17.5.5 Random coefficients model
Among several options in the R ecosystem, the {lme4} package in R offers a comprehensive suite of tools to fit linear mixed-effects models Bates et al. (2015). When analyzing data from multiple trials using this package, it allows for both intercepts and slopes to vary across the trials by treating them as random effects. By doing so, the inherent assumption is that these coefficients (intercepts and slopes) are drawn from certain distributions, and the goal becomes estimating the parameters of these distributions. This modeling technique acknowledges and captures the variability present across different trials. Importantly, by treating the coefficients as random effects, this enables the sharing of information across trials. This not only provides a more holistic understanding of the underlying data structure but also enhances the precision and robustness of the coefficient estimates.
The lmer()
function allows to fit a mixed model with both the fixed (inc) and random effects (inc | study).
library(lme4)
<- lmer(yld ~ inc + (inc |study), data = wm,
rc1 REML = F)
summary(rc1)
Linear mixed model fit by maximum likelihood ['lmerMod']
Formula: yld ~ inc + (inc | study)
Data: wm
AIC BIC logLik deviance df.resid
5319.4 5343.1 -2653.7 5307.4 376
Scaled residuals:
Min 1Q Median 3Q Max
-3.7078 -0.5991 -0.0295 0.5077 3.2364
Random effects:
Groups Name Variance Std.Dev. Corr
study (Intercept) 557573.08 746.708
inc 36.85 6.071 -0.29
Residual 37228.73 192.947
Number of obs: 382, groups: study, 35
Fixed effects:
Estimate Std. Error t value
(Intercept) 3455.432 128.063 26.98
inc -17.236 1.451 -11.88
Correlation of Fixed Effects:
(Intr)
inc -0.300
optimizer (nloptwrap) convergence code: 0 (OK)
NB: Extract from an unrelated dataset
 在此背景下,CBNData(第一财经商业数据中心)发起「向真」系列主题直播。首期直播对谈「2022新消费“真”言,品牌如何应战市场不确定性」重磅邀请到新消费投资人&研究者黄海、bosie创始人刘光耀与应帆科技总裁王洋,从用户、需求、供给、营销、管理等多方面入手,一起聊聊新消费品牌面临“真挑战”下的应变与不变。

Model failed to converge with max|grad| = 0.416806 (tol = 0.002, component 1)
17.5.6 Conclusion
Results from various regression methods show that the calculated damage coefficients fall within the range of -0.28 to -0.56 (see table below). This range of values represents the extent to which damage is influenced by the method in consideration. The most straightforward method, often referred to as the naive approach, produced the most conservative estimate, positioning the damage coefficient at the lower bound of the observed range. In stark contrast, computing the mean values from multiple individual regressions yielded a dc that topped the range, signifying a greater estimated impact.
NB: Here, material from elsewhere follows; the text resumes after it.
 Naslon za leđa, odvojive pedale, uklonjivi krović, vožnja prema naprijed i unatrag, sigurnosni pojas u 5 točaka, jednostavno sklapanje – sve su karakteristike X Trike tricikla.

Model | intercept | slope | damage coefficient |
---|---|---|---|
Global regression | 3299.6 | -9.261 | -0.28 |
Mean of regressions | 3482 | -19.529 | -0.56 |
meta-analysis | 3479.3 | -18.1869 | -0.52 |
mixed-models | 3455.43 | -17.236 | -0.49 |
However, it’s worth noting that the coefficients derived from the more advanced techniques - meta-analysis and mixed-models - were quite congruent. Their close alignment suggests that both methodologies, while operating on different principles, capture the underlying dynamics of the data in somewhat analogous ways. A prominent advantage of employing these advanced techniques is their ability to encapsulate and quantify uncertainty. This capability is crucial in scientific analyses as it provides a clearer understanding of the confidence levels associated with the derived coefficients. By being able to measure and articulate this uncertainty, researchers can ensure their interpretations and subsequent decisions are founded on a solid empirical base.